The role of surgery can be summarized in the following manner:

  • In patients with intramedullary tumors, the tumor should be removed.
multiple intramedullary ependymomas

Image: “Multiple ependymomas in a patient with NF2, MRI” by RadsWiki. License: CC BY-SA 3.0

  • In patients with a Chiari I malformation, a decompression of the
    foramen magnum is required.
  • In patients with arachnoid scarring related to trauma, subarachnoid
    hemorrhages, infections or other causes, the arachnoid scar should be
    resected and CSF flow established.
  • In patients with spinal stenosis, the spinal canal has to be
  • In patients with a tethered cord, the tethering has to be released.
  • In few patients, progressive syringomyelia or re-tethering secondary to multiple spinal surgeries demand direct treatment of the syrinx.

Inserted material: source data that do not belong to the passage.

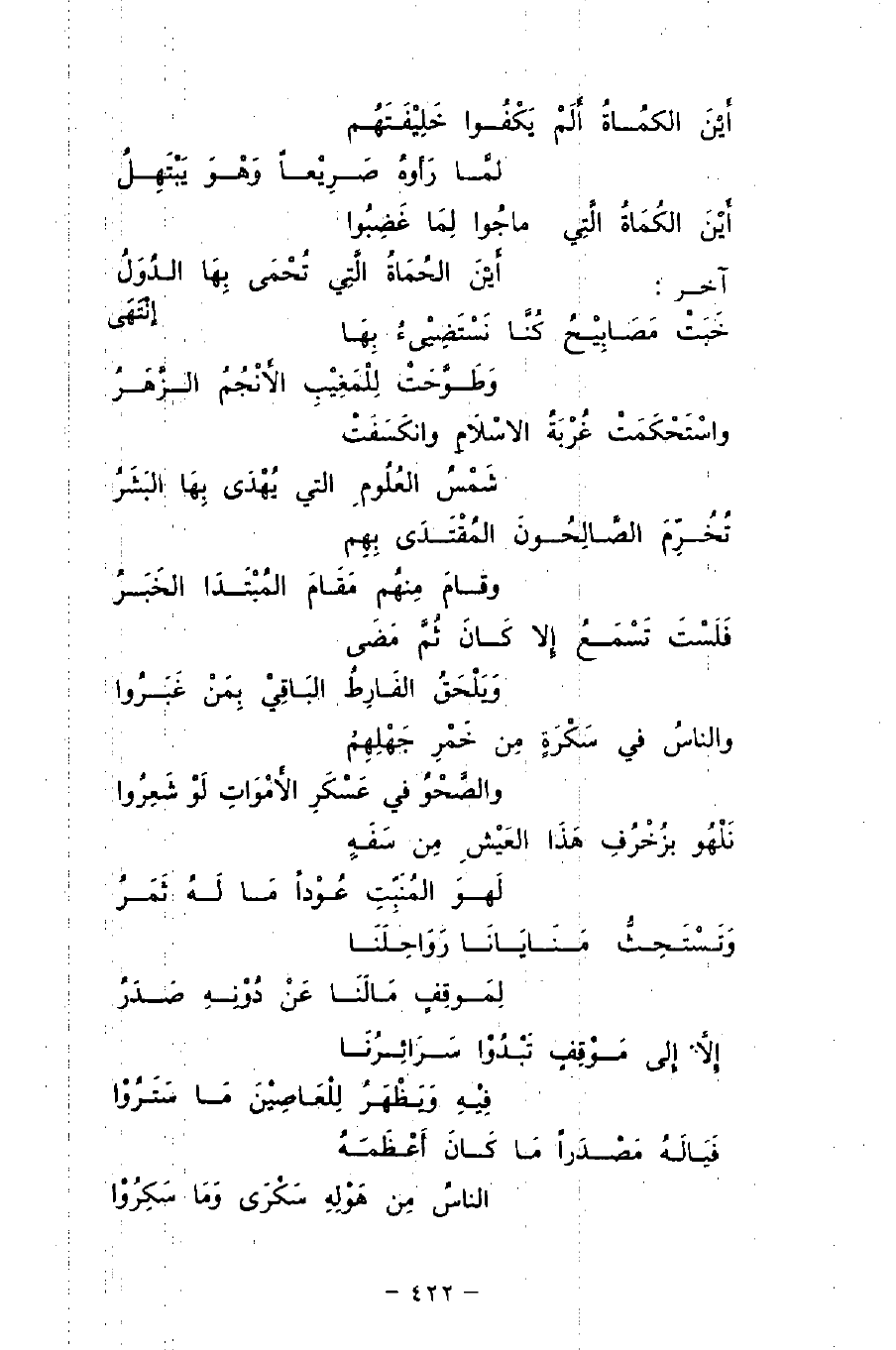 أَيْنَ الكُمَاةُ الَّتِي ماجُوا لِمَا غَضِبُوا ... أَيْنَ الحُمَاةُ الَّتِي تُحْمَى بِهَا الدُوَلُ
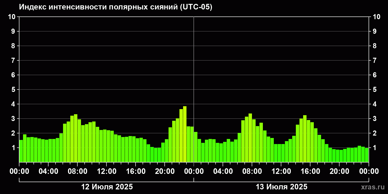 Изменения индекса интенсивности полярных сияний с 2025-07-12 по 2025-07-13 по местному времени
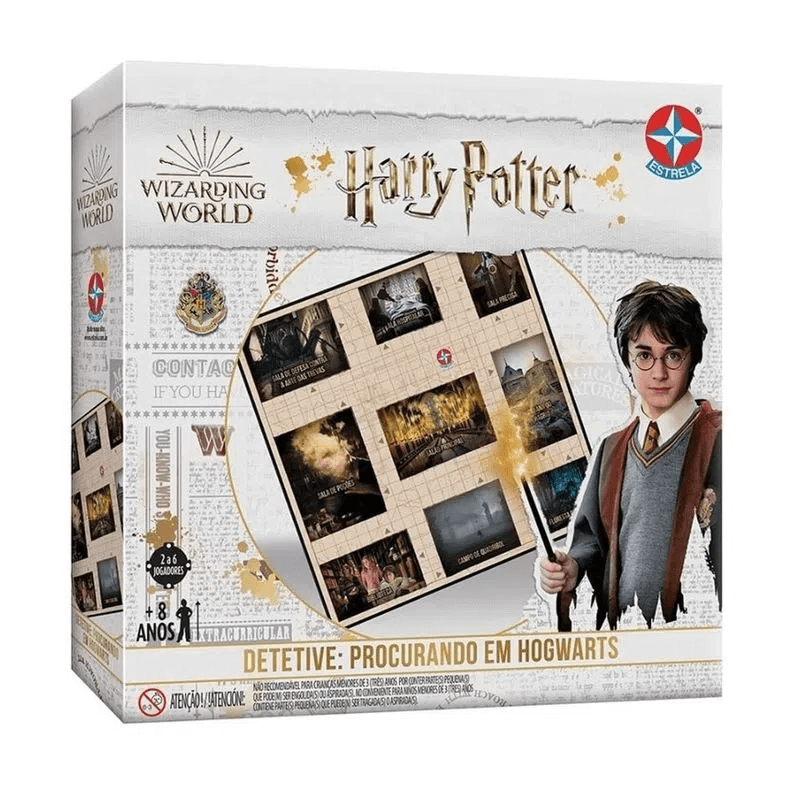 Jogo Detetive com temática Harry Potter, onde cada detetive deve descobrir um desaparecimento nos locais de Hogwarts, usando as armas q são os feitiços e poções, e os personagens principais são os suspeitos, mais um jogo da franquia do bruxo que conquistou o Mundo dos trouxas.

Theco-peritoneal shunt is valuable in these patients. Deliberate caution is exercised in these patients as “Once a shunt, always a shunt.” The shunt surgery is notorious for its high complication rate. Programmable shunts might alleviate this problem in the future.

Other shunt surgeries like syringo-peritoneal shunt and syringo-subarachnoid shunt stay in the gray zone. The benefits do not clearly outweigh the risks and failures are involved. Almost every material has been used to shunt fluid but none outshines the other in a conclusive manner. The search for the best shunt type, material and valve still continues.

Complications of Syringomyelia

The progressive nature of the disease necessitates treatment. The complication rate for surgery is about 21%.

The most common complication is CSF fistula formation. Other potential complications are:

  • Hemorrhage
  • Arachnoid scarring
  • Re-tethering
  • Infection
  • Re-accumulation of syrinx
  • Spinal cord contusion/edema/injury
  • Nerve root injury/damage
  • Shunt-related complications
  • Any added postoperative neurological deficits due to the treatment of the primary pathology


Syringomyelia is not a disease in its own right, but rather a manifestation of something more sinister. Symptoms are patchy dissociated suspended anesthesia and early bowel/bladder involvement with late motor affection and relative preservation of posterior column sensations. The inciting event needs treatment and the right treatment of the same can potentially lead to regression of the syrinx.